• [ASSIGNMENT]:
Retype, without changes, every line from the line that contains "This design adds" through the final line of the records. Exclude pictures.

• [GIVEN DATA]:
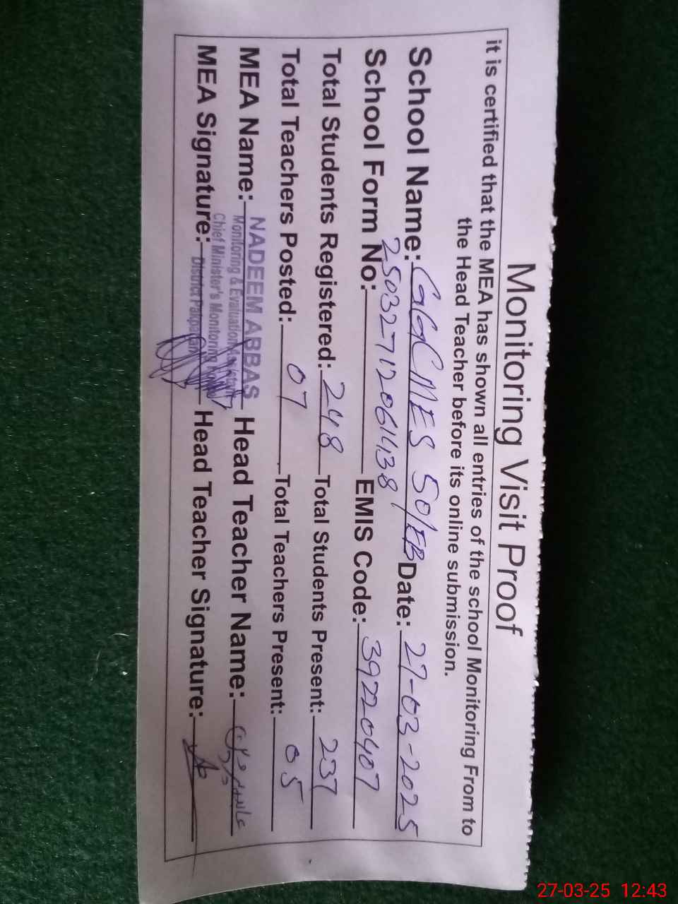 | Attendance Register | Head Teacher | MEA with School | Visit Proof |
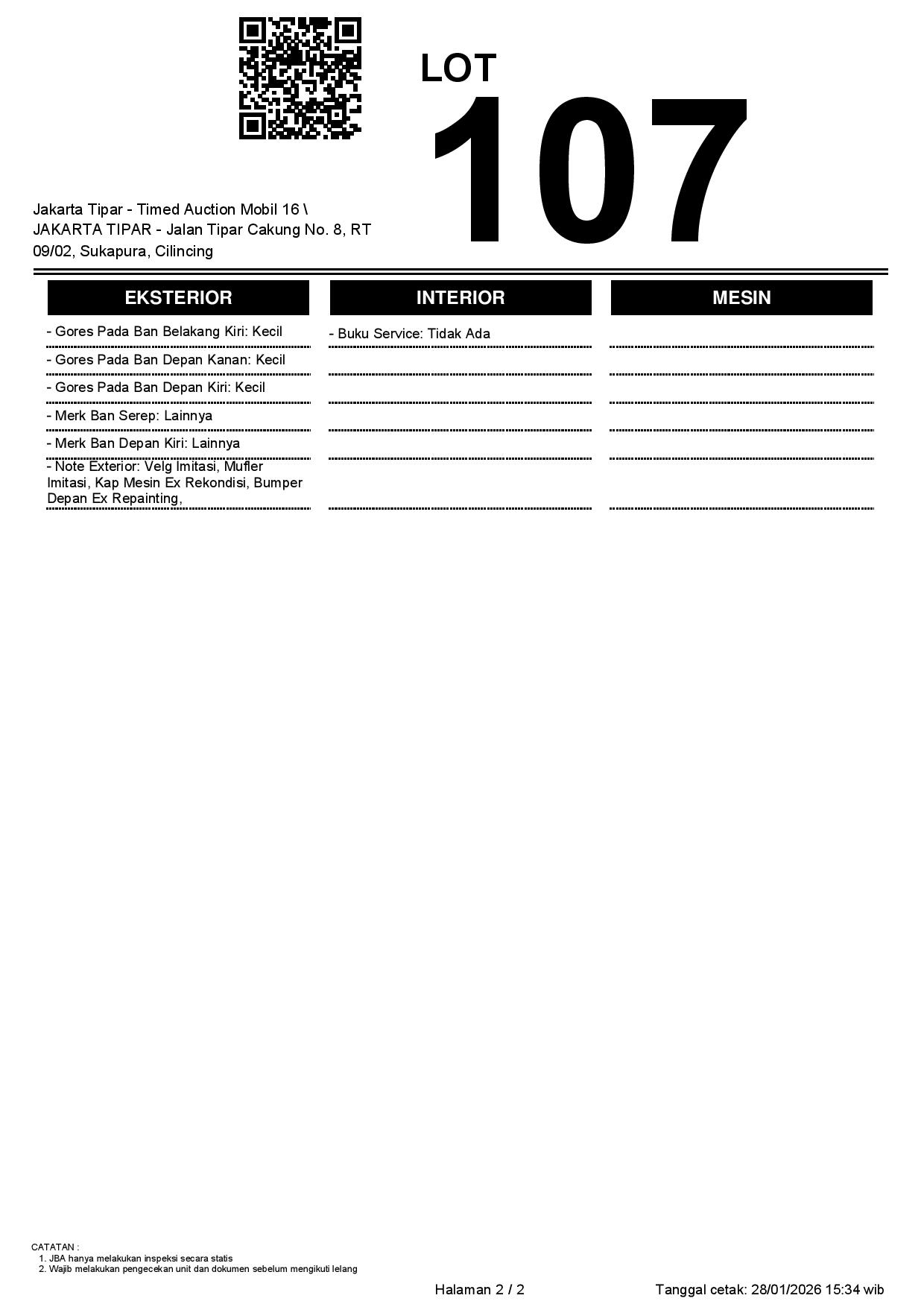 - Kondisi objek lelang dilelang apa adanya, baik kondisi fisik, mesin maupun legalitas kendaraan. Jika terdapat kekurangan/cacat baik yang terlihat maupun yang tidak terlihat, maka semua akan menjadi tanggung jawab/risiko Pemenang Lelang. Oleh karena itu, Pemenang Lelang melepaskan segala hak untuk menuntut dan/atau meminta ganti rugi atas hal tersebut kepada JBA.
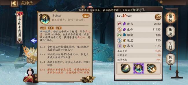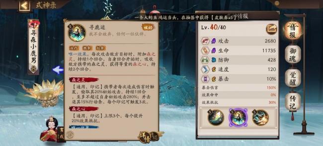 寻鹿迹是被动效果,并且是唯一效果。攻击敌方可以附加森之灵,自身行动前可以吸收敌方的森之灵并且获得等量的森之心,效果持续两个回合。技能等级提升后受到敌方减益和控制有概率获得一个森之心,每个森之心可以回复自己生命百分之十三的血量。森之灵触发可以提升一回合的速度,敌方没有森之灵提升自己的行动条。
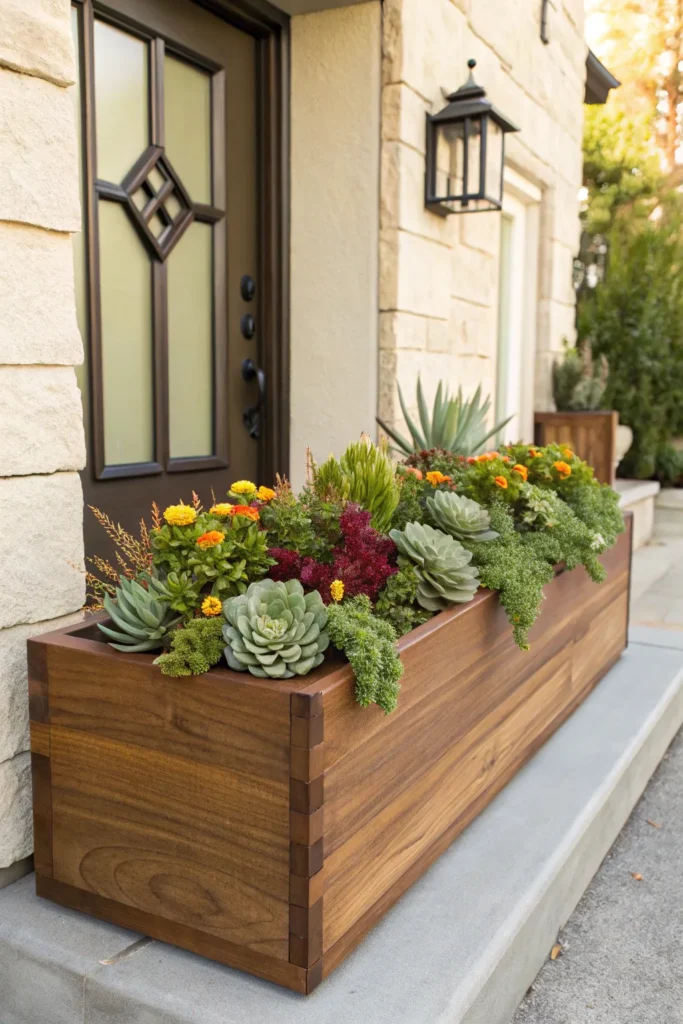 This design adds life and color to your entryway and brings a welcoming feel to your doorstep. It’s a great choice for homeowners who enjoy gardening or want to add natural elements without needing a large space.
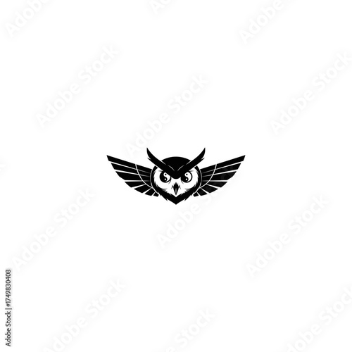 Black owl with wings, two yin yang symbols in eyes, centered on white background
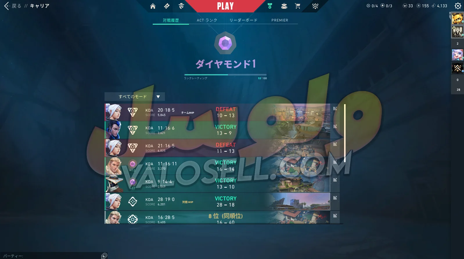 اکانت ولورانت رنک Diamond 1 کد 4962
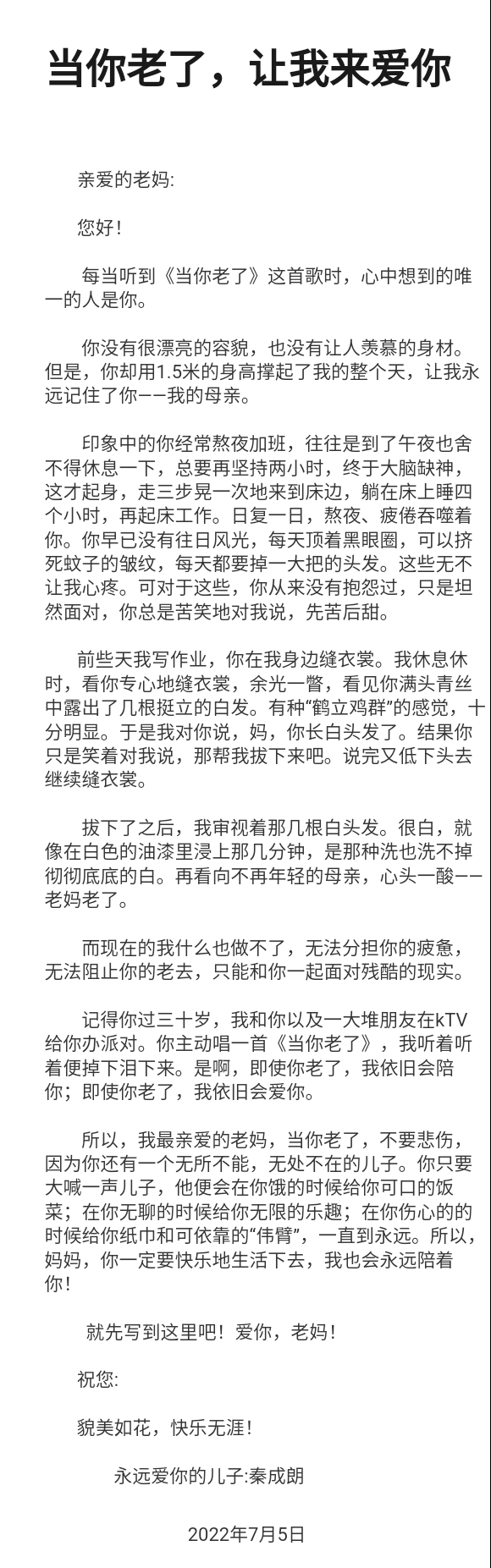 今天,“少年领读者·一封家书”编辑组收到了来自武汉市新洲区邾城街中心小学秦成朗同学的一封信。

• [EXERCISE RESPONSE]:
 This design adds life and color to your entryway and brings a welcoming feel to your doorstep. It’s a great choice for homeowners who enjoy gardening or want to add natural elements without needing a large space.
 Black owl with wings, two yin yang symbols in eyes, centered on white background
 اکانت ولورانت رنک Diamond 1 کد 4962
 今天,“少年领读者·一封家书”编辑组收到了来自武汉市新洲区邾城街中心小学秦成朗同学的一封信。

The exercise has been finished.